- _Exercise directions_
Print only the lines below from the one with "Lastly, students visited" to the one with "Two days ago", both included, exactly as they stand. Leave pictures out.

(Provided records begins)

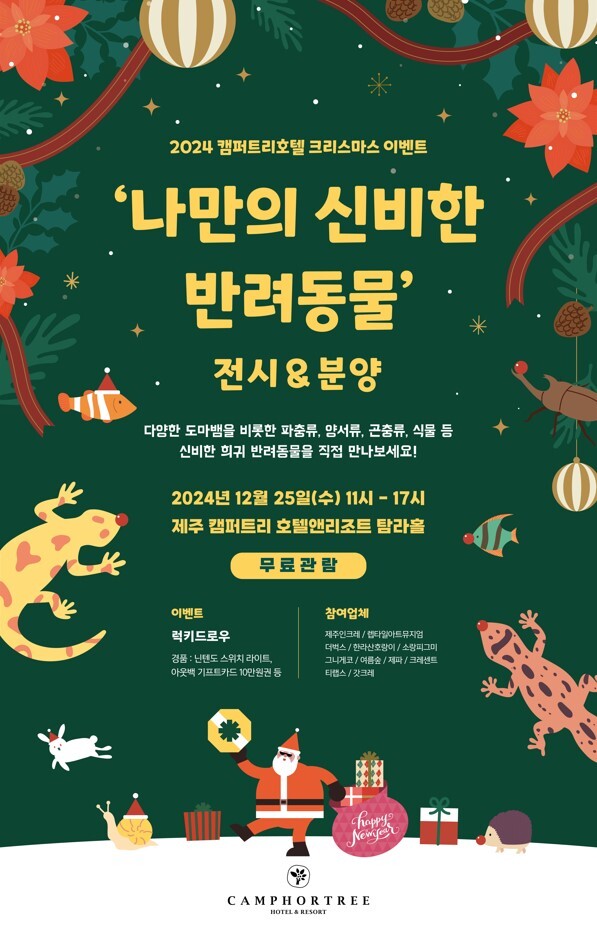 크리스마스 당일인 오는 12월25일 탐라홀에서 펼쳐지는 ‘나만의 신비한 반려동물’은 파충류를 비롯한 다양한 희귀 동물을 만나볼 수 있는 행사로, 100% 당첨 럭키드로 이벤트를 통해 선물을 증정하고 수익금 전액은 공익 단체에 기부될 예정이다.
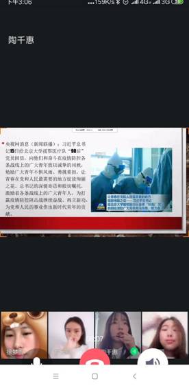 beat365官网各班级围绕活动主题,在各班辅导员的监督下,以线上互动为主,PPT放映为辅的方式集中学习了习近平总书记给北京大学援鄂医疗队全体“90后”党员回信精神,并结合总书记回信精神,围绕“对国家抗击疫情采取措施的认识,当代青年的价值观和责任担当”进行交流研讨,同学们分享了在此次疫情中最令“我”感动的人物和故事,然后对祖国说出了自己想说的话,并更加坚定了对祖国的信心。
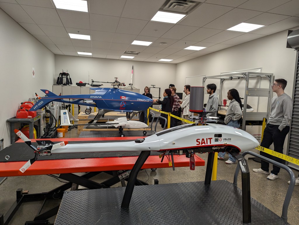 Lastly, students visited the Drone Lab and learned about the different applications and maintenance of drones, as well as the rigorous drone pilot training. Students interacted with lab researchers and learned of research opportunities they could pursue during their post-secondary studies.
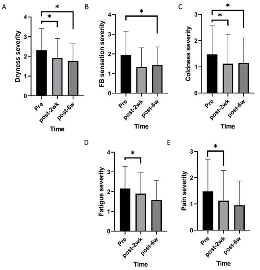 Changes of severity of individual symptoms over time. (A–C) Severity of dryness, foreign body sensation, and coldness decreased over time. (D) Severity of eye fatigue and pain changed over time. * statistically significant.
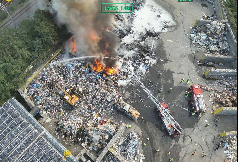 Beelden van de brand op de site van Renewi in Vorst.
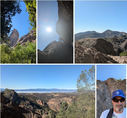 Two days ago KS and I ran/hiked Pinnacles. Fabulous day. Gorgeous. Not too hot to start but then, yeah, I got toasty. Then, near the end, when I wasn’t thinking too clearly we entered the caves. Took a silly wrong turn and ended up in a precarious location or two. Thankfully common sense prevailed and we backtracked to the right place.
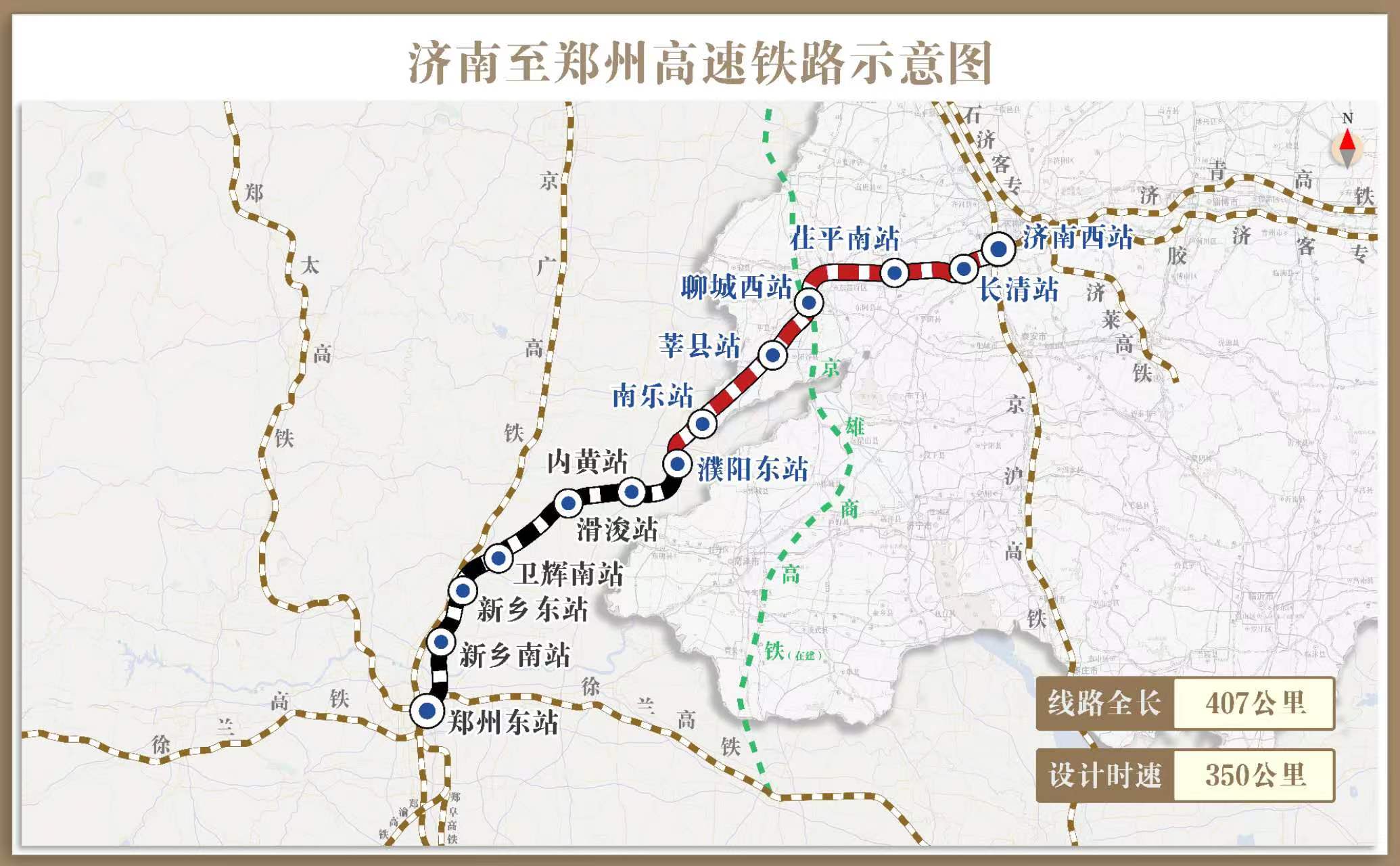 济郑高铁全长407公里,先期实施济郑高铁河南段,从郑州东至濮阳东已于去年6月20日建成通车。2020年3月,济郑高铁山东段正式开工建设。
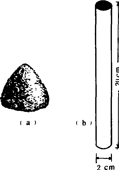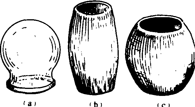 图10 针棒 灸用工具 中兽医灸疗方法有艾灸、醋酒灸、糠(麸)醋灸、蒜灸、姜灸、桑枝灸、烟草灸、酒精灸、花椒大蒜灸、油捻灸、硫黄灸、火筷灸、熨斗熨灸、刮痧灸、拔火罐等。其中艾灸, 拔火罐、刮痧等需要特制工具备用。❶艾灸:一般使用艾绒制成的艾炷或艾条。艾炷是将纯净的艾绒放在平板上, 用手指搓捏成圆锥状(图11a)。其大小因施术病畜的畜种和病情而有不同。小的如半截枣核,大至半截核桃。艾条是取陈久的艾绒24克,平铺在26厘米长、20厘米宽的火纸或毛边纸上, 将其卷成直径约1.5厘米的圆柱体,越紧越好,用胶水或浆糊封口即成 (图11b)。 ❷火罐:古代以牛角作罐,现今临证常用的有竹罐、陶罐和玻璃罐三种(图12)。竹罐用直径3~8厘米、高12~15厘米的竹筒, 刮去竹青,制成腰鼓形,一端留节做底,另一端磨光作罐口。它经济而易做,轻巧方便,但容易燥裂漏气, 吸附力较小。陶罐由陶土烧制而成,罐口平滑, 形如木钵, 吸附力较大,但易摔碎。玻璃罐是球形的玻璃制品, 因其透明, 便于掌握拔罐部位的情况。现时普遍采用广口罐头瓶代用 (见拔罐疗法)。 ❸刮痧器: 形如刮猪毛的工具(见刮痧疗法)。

(Provided records ends)
(Provided records begins)

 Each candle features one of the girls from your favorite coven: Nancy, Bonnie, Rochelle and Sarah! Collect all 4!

(Provided records ends)
(Provided records begins)

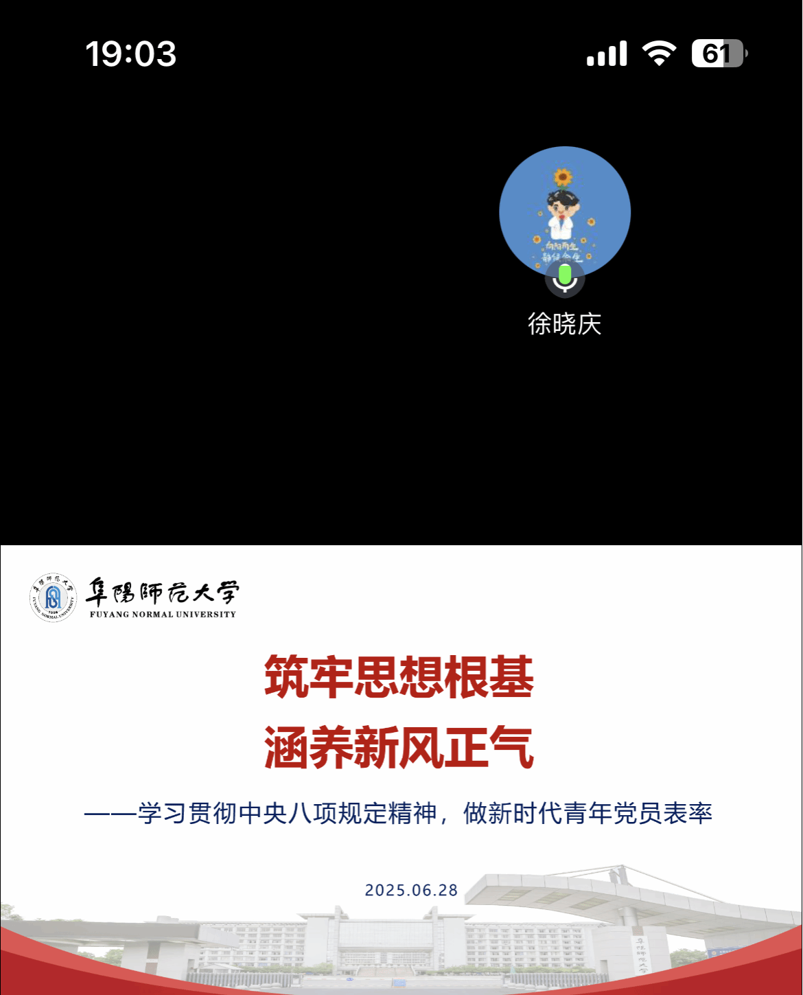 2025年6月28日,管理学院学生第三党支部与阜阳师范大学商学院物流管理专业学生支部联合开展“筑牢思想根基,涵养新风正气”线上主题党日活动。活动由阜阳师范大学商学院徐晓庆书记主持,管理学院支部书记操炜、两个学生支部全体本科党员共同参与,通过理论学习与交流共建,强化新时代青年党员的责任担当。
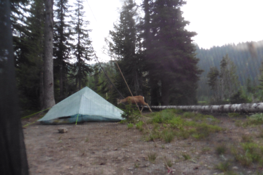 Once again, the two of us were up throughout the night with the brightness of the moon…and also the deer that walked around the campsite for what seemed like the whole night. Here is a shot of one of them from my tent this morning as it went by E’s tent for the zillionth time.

(Provided records ends)

- _Result for this task_
 Lastly, students visited the Drone Lab and learned about the different applications and maintenance of drones, as well as the rigorous drone pilot training. Students interacted with lab researchers and learned of research opportunities they could pursue during their post-secondary studies.
 Changes of severity of individual symptoms over time. (A–C) Severity of dryness, foreign body sensation, and coldness decreased over time. (D) Severity of eye fatigue and pain changed over time. * statistically significant.
 Beelden van de brand op de site van Renewi in Vorst.
 Two days ago KS and I ran/hiked Pinnacles. Fabulous day. Gorgeous. Not too hot to start but then, yeah, I got toasty. Then, near the end, when I wasn’t thinking too clearly we entered the caves. Took a silly wrong turn and ended up in a precarious location or two. Thankfully common sense prevailed and we backtracked to the right place.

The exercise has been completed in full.